BÜLENT HANIM TEK BİR HATA BULAMAZ
◊ Ya Bülent Ersoy çıkıp “Orası öyle mi okunur!” diye eleştirirse seni...
- Eleştireceğini zannetmiyorum ama olursa da bir sakınca yok. Çünkü çok doğru isimlerle çalıştım. Mesela “Gurbet” uşşak makamıdır, o da zor bir makam. O yüzden ekstra çaba sarf etmem gerekti. Çalıştığım arkadaşlarım Selim Çaldıran, Ceyhun Çelikten ve Erkin Arslan Türk müziği iyi bilen isimler. Dolayısıyla Bülent hanım tek bir hata bile bulamaz. Ama yorum kısmına karışamam.
◊ Son yıllarda popçuların peş peşe sanat müziği albümleri çıkıyor. Onları nasıl değerlendiriyorsun?

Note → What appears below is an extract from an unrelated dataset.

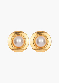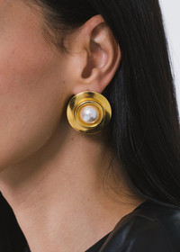 A fresh take on the classic vintage button earring, the Alva Earrings are a marriage of 1980s costume jewelry and fine jewelry techniques— and materials. These oversized studs feature onyx, malachite, or crystal pearl cabochon stones, in an 18-karat gold-plated halo. Crafted by hand in New York, the halo has a raised bezel towards the center, to draw the eye in and further emphasize the beauty of each stone. Dimensions: 1 1/4in x 1 1/4in Material The Alva Earrings are made by hand in New York from 18K gold plated brass and either crystal / crystal pearl or natural semi-precious stone centers. All stones have natural variances in color and markings that make each one unique. They have a surgical-steel post, are nickel-free, and safe for sensitive skin. We recommend storing earrings in their dust bag while not in use, and avoiding contact with water, perfume, hairspray, and other chemicals.

- Türkiye’deki popçuların çoğu sanat müziği eğitimlidir. Mesela Tarkan, Gökhan Tepe gibi isimler Türk müziği eğitiminden geçmiştir. Sanat müziğini benden daha hakim söyleyen popçu arkadaşlarımız var. Bunun başında Gökhan Tepe gelir. Hakan Altun da Türk müziği mezunudur. Onu da severim. Tarkan’ın sanat müziği albümü de çok güzeldi.
◊ Bu şarkıların kuşaklara aktarılmasını çok doğru buluyorum da genç kuşakta bunun alıcısı var mı?
- Bence var. Eserden çok bestecinin, ozanın yakalanması çok önemli bu arada. Örneğin benim yaptığım ya da Athena’nın yaptığı şey Neşet Ertaş’ı tanımayan birine tanıtacaksa bu bir hizmettir. Herkes Neşet Ertaş’ı Kubat gibi ya da İsmail Altunsaray gibi söyleyemez. Bunlar benim hayran olduğum isimler. Athena’nın türkü söylemesi ya da Tarkan’ın Âşık Veysel yorumu bence çok önemli. Bunlar ozanları yeniden gündeme getirip tanıtabilir.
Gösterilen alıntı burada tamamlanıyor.